Phil B (author)  KarlaO88 months ago
Your flywheel and shaft will not turn. Do your rollers spin freely by hand in one direction, but lock on the shaft in the other direction?

My daughter gave me a second skier for Father's Day to use at a home where we stay several weeks during each year. Everything seemed fine until I used it for more than a few minutes. It is a used machine and one sideboard ball bearing was seized. You could pull the end of the flywheel shaft out of each wooden sideboard and see if each bearing moves freely.

Let me know what you learn about your bearings. Correct me if I have not understood correctly.
Huntsho10 months ago

I have had many nordic tracks over the years. I sell mine when moving and buy another at my new destination. My newest one is is great condition. Super clean however, the right drive roller was 'catching and had a delay upon thrusting. Not life ending by definitely annoying. Then a few days later a new behavior popped up: the drive roller stopped turning the wheel and I'd flail-almost falling- from the lack of resistance. I bought it from a deceased man's estate sale. By the appearance of his siblings, I'd bet that he was a large man. Could his size have been the culprit? It's very clean and few signs of wear. I tried tightening the allen screw but that didn't do anything.
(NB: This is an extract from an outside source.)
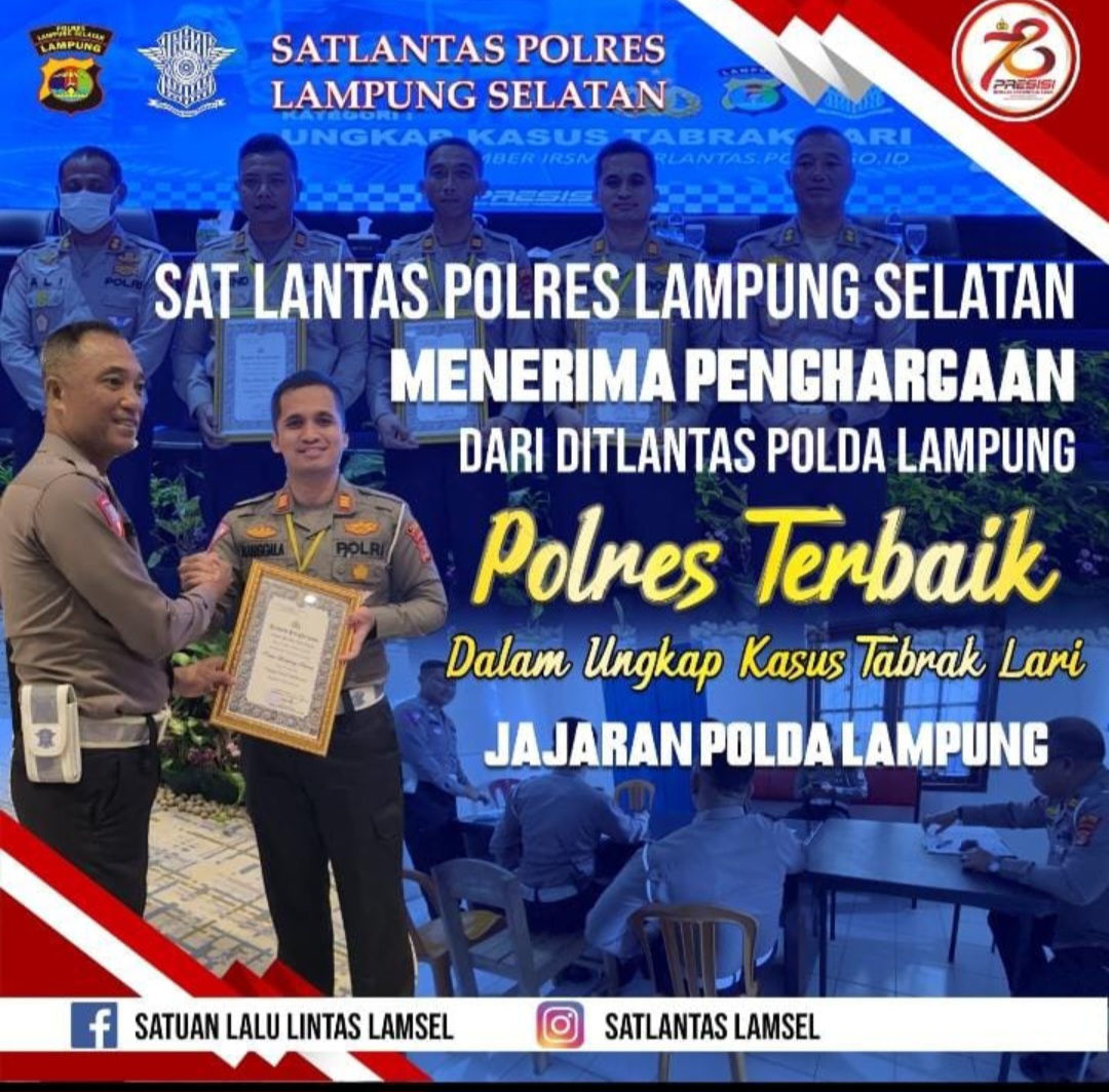 Lampung selatan – Mengungkap Lakalantas tabrak lari di kecamatan Rajabasa, Satlantas Polres Lampung Selatan mendapatkan apresiasi dan penghargaan dari Ditlantas Polda Lampung.

The right driver wheel is not turning the wheel. Any help appreciated. What to do? Thank you.

Phil B (author)  Huntsho10 months ago

What you describe is typical of a one-way needle bearing that is stuck. I had success on my rollers by doing what I described in the post, namely, flushing the bearings with Liquid Wrench and working the bearing back and forth with my little finger. Then I blotted the bearing with tissue paper. I noticed a gray coloration, indicating the presence of fine metallic dust. Once fluid I blotted from the bearing was no longer gray, I let the bearings air dry and assembled the skier. It worked like new, and has continued to do so over the last six years.

If you do not feel comfortable flushing your bearings and blotting them, you could order new rollers, or you could contact someone who repairs skiers.

If you do take your rollers out to flush them, you might take a photo of the order in which the various washers go on the shaft so hungry can get them back the way they were.

I doubt a heavy user would cause the problem you are having,

Huntsho Phil B10 months ago
I just got to this project. All set! So far, so good. You were right on the money. Thank you so much! Annie
Phil B (author)  Huntsho10 months ago


Thank you for your response. One person flushed his bearings, but they were not quite dry when he installed them again. His rollers sometimes slipped for a day or two until the remainder of the Liquid Wrench still in the bearings had evaporated.

Your rollers should work well for quite a long time. If they cause problems later, you can always try flushing again. But, nothing lasts forever. One-way bearings in the rollers will eventually wear out and need replacement. I mentioned I flushed mine six years ago. I did not always use my skier for very many minutes, nor did I use it continuously. I am using it more consistently for longer durations now. It still works just like it should.